2017-10

「女だらけの戦艦大和」・海色の瞳1 - 2013.01.28 Mon

――「女だらけの大和」には英語の堪能な士官二人がいる。

 

その一人は岡沢中尉といい、親の仕事の関係で幼いころから米国で過ごした人で以前「シ―・ドーベルマン」(捕鯨反対団体)の妨害攻勢の際も外国人船長相手に活躍した人である。

その素晴らしい行動は今も乗組員の口に登るくらいである。

 

通信室。決して広いとは言えない部屋で通信科の兵員たちがレシーバーを耳に当て、艦隊司令部などからの通信やあるいは、敵の通信に耳をそばだてている。

「岡沢中尉、これを通信長に願います」

「何処茂兵曹、この電文を艦長にお渡しせよ」

などと忙しい部署である。

そんな中にあって一人部屋の片隅で一人の大人しそうな少尉が眼を閉じて通信機に手をかけてレシーバーの中の音に聞き入っている。敵信傍受班の中矢少尉である。彼女こそ、英語の堪能なもう一人の士官である。

その後ろを通りかかった菊池中尉が、少尉の座る椅子を思いっきり蹴っ飛ばした。少尉がはっとしてレシーバーを取って振り向くと菊池中尉は、

「こんなところにいるんじゃねえよ、邪魔だ。貴様の席はもっと隅に置け!」

とののしった。それを見ていた他の兵員たちは気まずそうに下を向いている。あるいは知らん顔を決め込んでいる。椅子を蹴られた少尉は悲しそうな顔になると、これ以上寄せようのない場所に通信機ごとデスクを動かそうとしていた。

それを見た菊池中尉の仲間の宮沢中尉がわざわざ中矢少尉のそばにやってくると、傍らの兵曹の肩に手を置いて大きな声で

「全くよう、なんでこの帝国海軍期待の超弩級艦にこんなやつが乗ってくるかねえ?なあ、信じられんだろう?」

と言ってその兵曹の同意を求めるようにした。兵曹はちらちらと少尉の方を見ながら聞きとれないくらいの声で「・・・はあ、はい・・・」という。宮沢中尉はいきなりその兵曹を掴んで引き起こした。レシーバーが外れて床に落ちた。

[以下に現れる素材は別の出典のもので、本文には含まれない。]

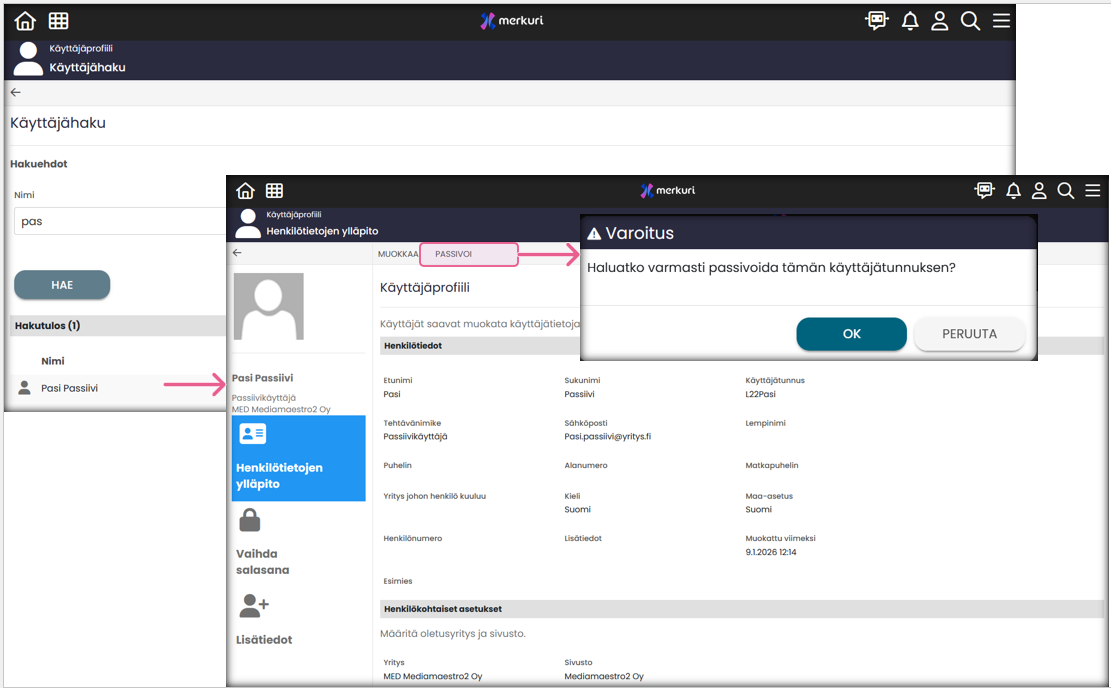→Tulee ilmoitus "Haluatko varmasti passivoida tämän käyttäjätunnuksen?". Klikkaa OK
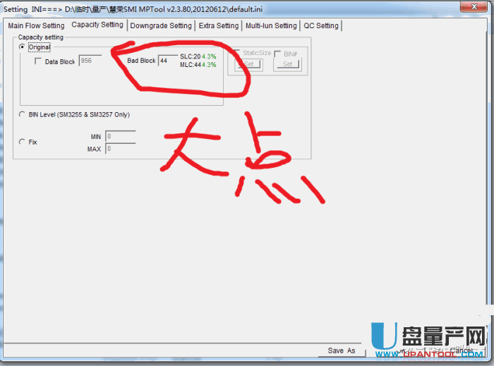 其实这个提示的意思就是你的U盘坏块太多了,不能按正常步骤量产,要改改设置。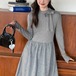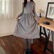 3色/レトロチェック柄シャツロングワンピ ・8186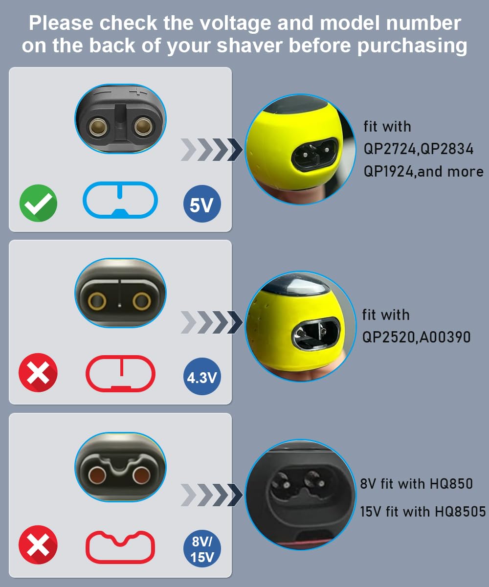 - Attention: The output is 5V, not suitable for 4.3V, 8V and 15V. Not suitable for Philips Oneblade QP2630,QP2620,QP2530,QP2520, QP2510,QP6510, QP6520 ,QP6530,QP6550,QP6505,HQ8505,HQ850, HQ840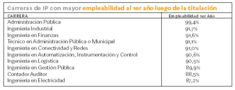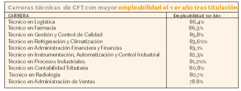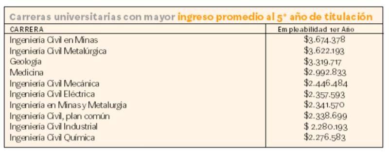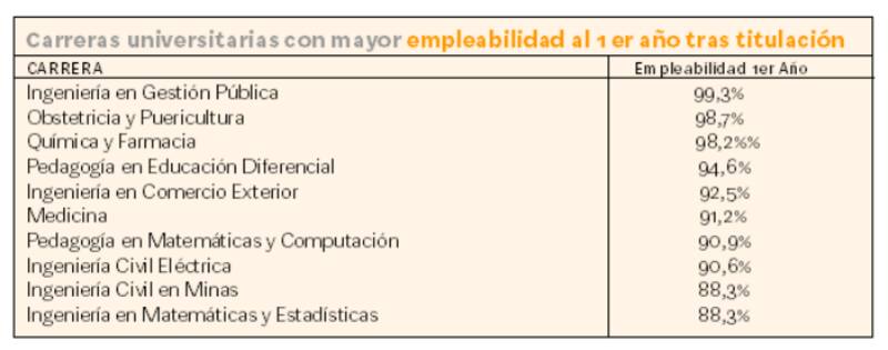 Nos encontramos con que las carreras relacionadas con la minería mantienen el liderazgo en cuanto a lucas. También las siguen las industriales. (ver tablas). En empleabilidad lideran las relacionadas con la administración pública, la logística y las farmacias.

中尉は、兵曹を自分の方に向かせるとその胸ぐらをつかんで

「もっと大きな声で返事しないか!こんなやつはこの大和にはいらん。いや、帝国海軍にはいらないんだ!そんなこともわからんのか」と言って兵曹を座席にたたきつけ、皆に向き直ると

「なあみんな、そう思うだろうが!こんなやつがなんで我が海軍にいるのか、俺には理解できん。帝国海軍の面汚しだ!」

と怒鳴った。菊池中尉が「そうだそうだ」と声をあげた。他の兵たちは黙って気まずそうに顔を伏せてしまった。岡沢中尉が「ちょっと待て、」と言って立ち上がろうとしたその時、

「ちいとひどすぎるんと違いますか!」

と声をあげて宮沢中尉に詰め寄った一人の兵曹長。三山兵曹長である。彼女は宮沢中尉の前に出ると、背の高い宮沢中尉に負けまいと背伸びをして、

「宮沢中尉、どうしてそがいに中矢少尉をいじめるでありますか?あまりにひどいではないですか。いったい中矢少尉が何を悪いことした言うんですか、おかしいじゃないですか?それこそこげえないじめは帝国海軍の面汚しです!」

と一気に言った。三山兵曹長のほほが怒りと興奮で紅潮している。宮沢中尉の顔が、すっと青くなったと思う次の瞬間、

「貴様生意気だあ、準士官の分際で!」

という怒声と鈍く頬を打つ音とともに、三山兵曹長は狭い部屋の中ですっ飛んでいた。宮沢中尉の鉄拳をほほにくらって、岡沢中尉の横をとんで、自分の受け持ちのデスクの前に落ちた。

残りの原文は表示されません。